La valeur par défaut de toute variable ou attribut d'un type "par référence" est la valeur null.

 

Commentaires : idem C++ (/* */ comme en C et // qui commente une ligne) + commentaires javadoc (pour génération automatique de documentation).

 

/* commentaire sur plusieurs lignes comme en C

    deuxième ligne */

int i = 0 ; // commentaire sur une seule ligne – tout ce qui est derrière le // est en commentaire

/** commentaire javadoc

      @param i est un paramètre entier

      @return true ou false */

int methode(int i) {…}

// génère une doc similaire à ce que l’on peut trouver sur le site web de Sun.

 

Utilisation de la classe : instanciation de la classe Ecrire :

ecrivain = new Ecriture();

 

Création d’un nouvel objet de la classe Ecriture (allocation de mémoire pour chacun des attributs de la classe et initialisation – ici chaine). new Ecriture(); renvoie une référence qui est stockée dans la variable ecrivain.

 

Les parenthèses qui apparaissent dans l'instanciation s'expliquent par le fait que l'on fait appel à la méthode Ecriture() de la classe Ecriture appelée le "constructeur" de la classe.

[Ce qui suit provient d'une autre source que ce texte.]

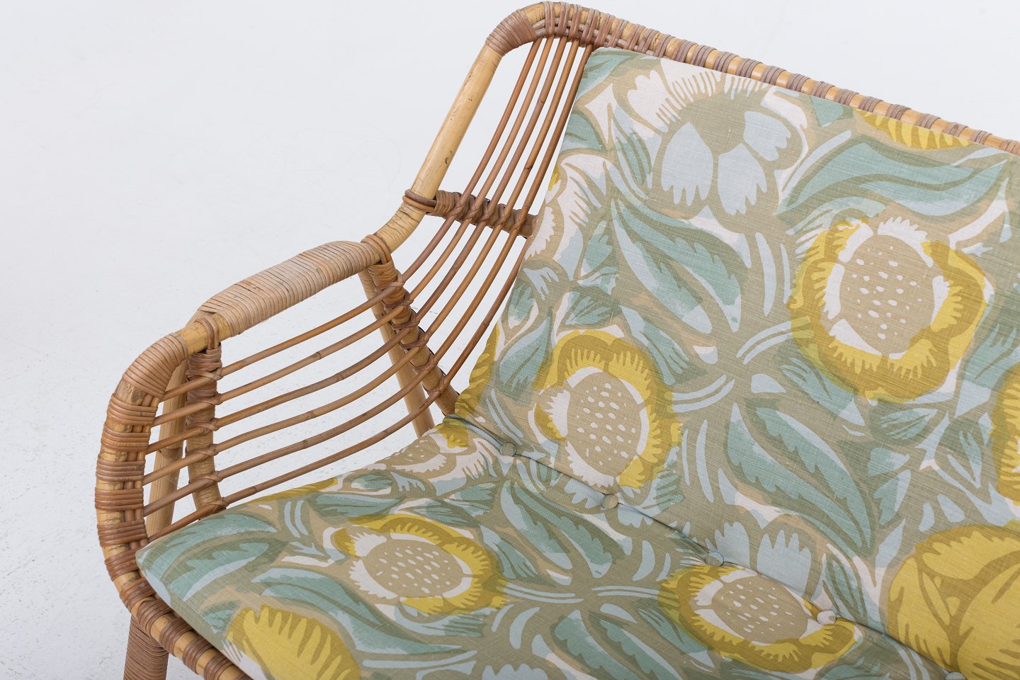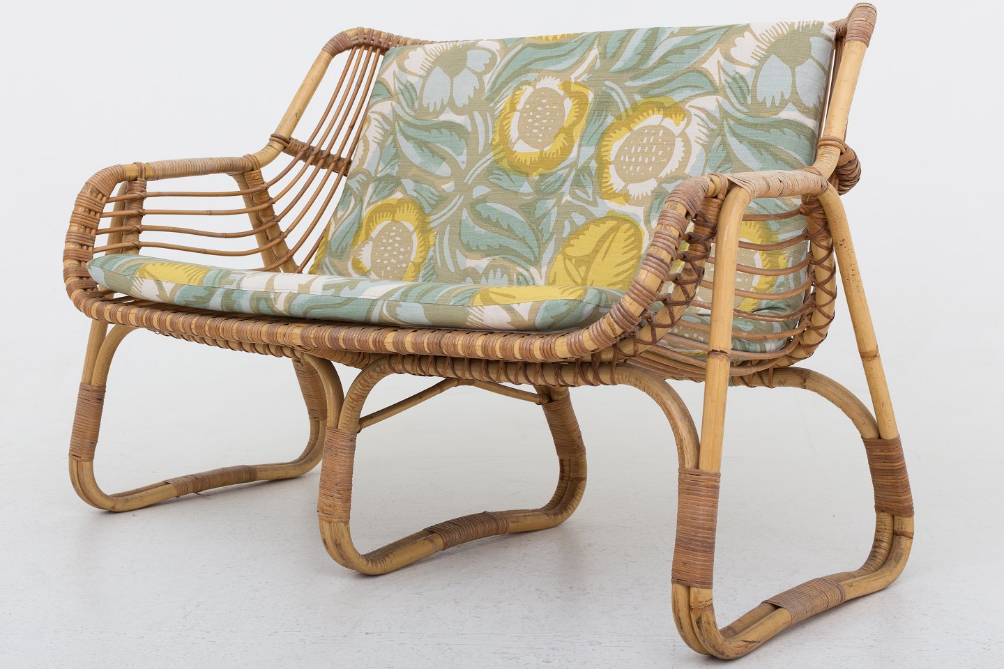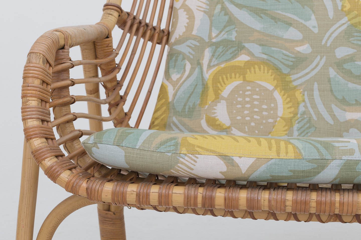 Kurvesofa med nye hynder i "La Foret, Lemon". Se matchende lænestole med varenummer 1035382

Toute classe possède un constructeur. Lorsque le programmeur n'a pas mis explicitement un constructeur, comme c'est le cas ici, le compilateur en ajoute automatiquement un. Dans le cas de la classe Ecriture (pas de constructeur hérité ; cette notion sera développée ultérieurement), le constructeur ajouté est une méthode qui ne fait rien.

 

Lorsqu'on instancie une classe, on le fait toujours comme ici à l'aide d'un constructeur de la classe.

 

class PourFeliciter

     {

       public static void main(String[] arg)

       {

         Ecriture ecrivain;

 

         ecrivain = new Ecriture();

         ecrivain.ecrire("bravo");

         ecrivain.chaine = "et pour finir ";

         ecrivain.ecrire("au revoir");

       }

     }

 

Note : Appel de méthode : variable.methode(parametres);

            Accès aux attributs : variable.attribut

 

IV-             Surcharge de méthodes

 

Java autorise la surcharge de méthodes. C’est à dire qu’on peut avoir plusieurs méthodes de même nom à condition que l’ordre et le type des paramètres soient différents.

 

Exemple :

class Ecriture

     {

       String chaine = "Encore une fois ";

       void ecrire(String autreChaine)

       {

         System.out.print(chaine);

         System.out.println(autreChaine);

       }

       void ecrire(int unEntier)

       {

         System.out.print(chaine);

         System.out.println(unEntier);

       }

     }

A l’exécution java choisira la bonne méthode en fonction des paramètres.

 

V-                Les constructeurs

class Incremente

{      

  int increment;

  int petitPlus;

 

  Incremente(int increment, int petit)

  {

    this.increment = increment;

    petitPlus = petit;

  }

  Incremente(int increment)

  {

    this.increment = increment;

    petitPlus = 1;

  }

 

  int additionne(int n)

  {

     return (n + increment + petitPlus);

  }

}

 

class UtiliseIncremente

{

  public static void main(String[] arg)

  {

    Incremente monAjout = new Incremente(10, 2);

    System.out.println(monAjout.additionne(5));

    Incremente monAjout2 = new Incremente(10);

    System.out.println(monAjout.additionne(5));

  }

}

 

L'exemple utilise une classe possédant des constructeurs explicites (le choix du constructeur sera fait en fonction de l’ordre des paramètres comme pour la surcharge).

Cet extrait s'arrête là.